= Shivnarayan Singh =

Indian politician

Shivnarayan Gyan Singh (born 2 October 1980) is an Indian politician from Madhya Pradesh. He is an MLA from Bandhavgarh Assembly constituency, which is reserved for Scheduled Tribe community, in Umaria District. He won the 2023 Madhya Pradesh Legislative Assembly election, representing the Bharatiya Janata Party.

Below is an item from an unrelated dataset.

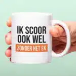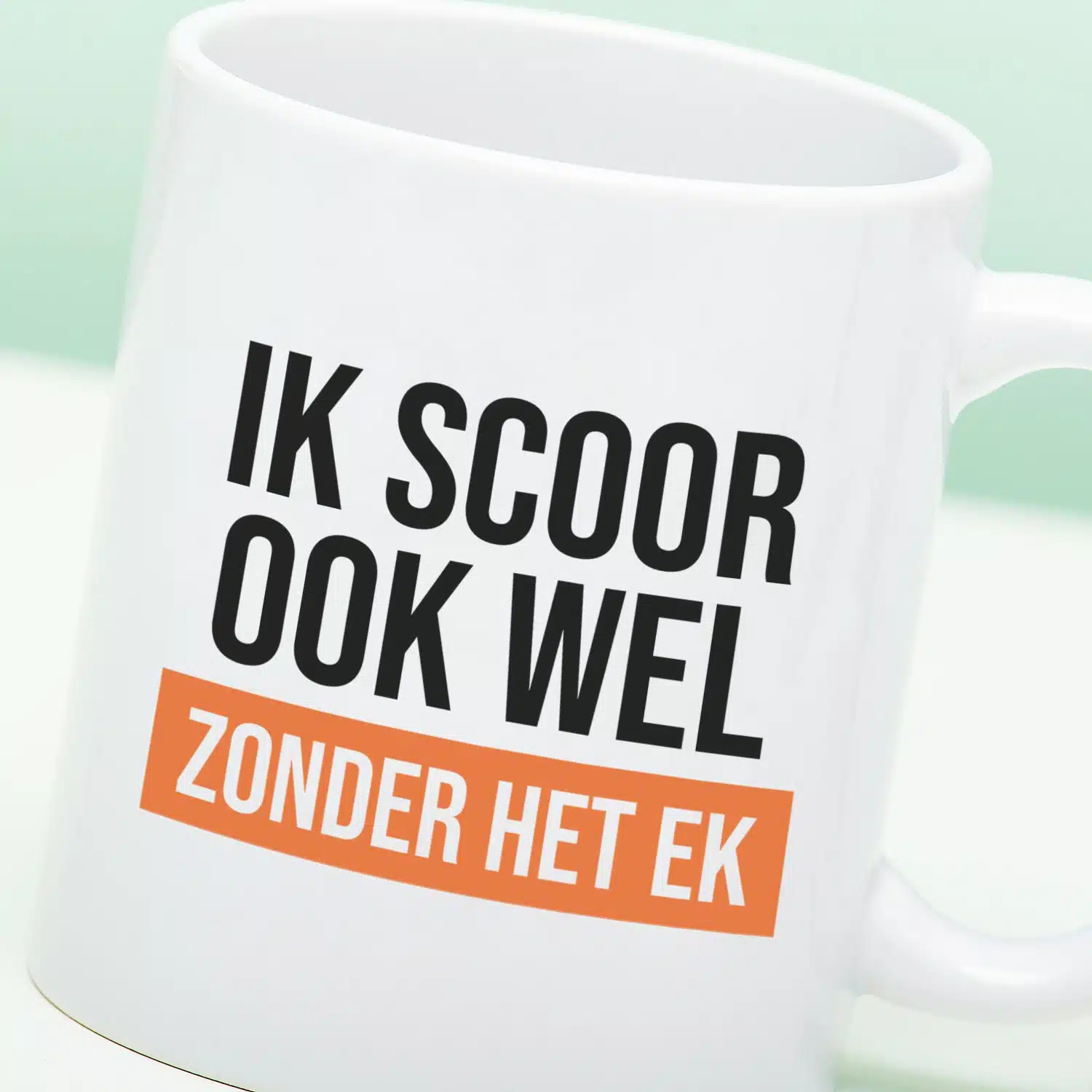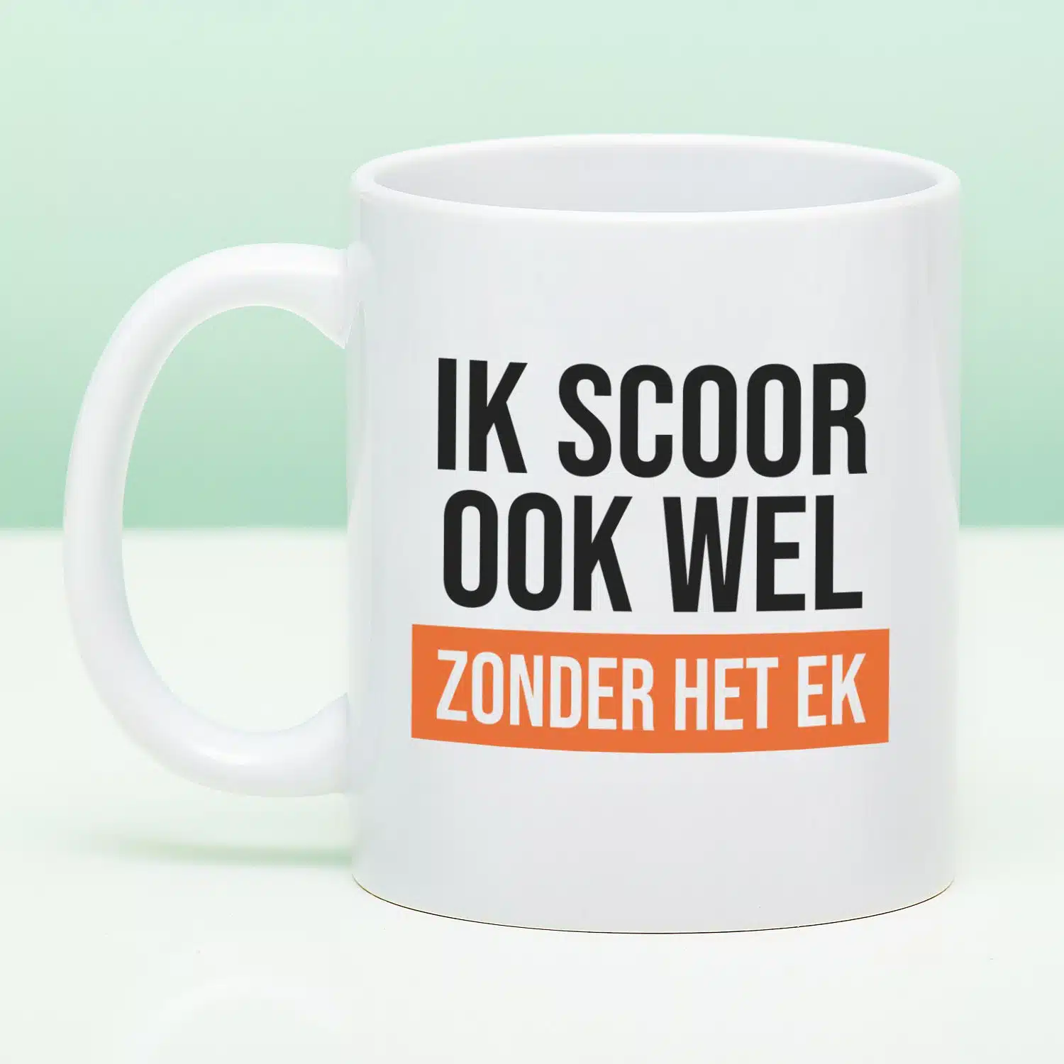 Jij kijkt graag voetbal én hebt een gezonde portie zelfvertrouwen. Je hebt dus helemaal geen EK nodig om te scoren! De grappige Mok Ik scoor ook wel zonder het EK bevat precies die tekst. Leuke mok om te gebruiken op het werk tijdens het EK of om cadeau te geven aan je tikkeltje arrogante huisgenoot.

== Early life and education ==
Singh is from Bandhavgarh, Umaria District, Madhya Pradesh. He is the son of Gyan Singh. He passed Class 12 in 2005 at Higher Secondary College, Madwas and later did B.A. through open stream from Madhya Pradesh Open University, Bhopal in 2008.

== Career ==
Singh won from Bandhavgarh Assembly constituency in the 2023 Madhya Pradesh Legislative Assembly election representing Bharatiya Janata Party. He polled 89,954 votes and defeated his nearest rival, Savitri Singh Dhurve of the Indian National Congress, by a margin of 23,711 votes. He first became an MLA winning the 2017 by election caused due to the resignation of his father Gyan Singh, who was elected to the Lok Sabha. He then retained the seat in the 2018 Madhya Pradesh Legislative Assembly election. Earlier, he was a member of the Umaria district panchayat.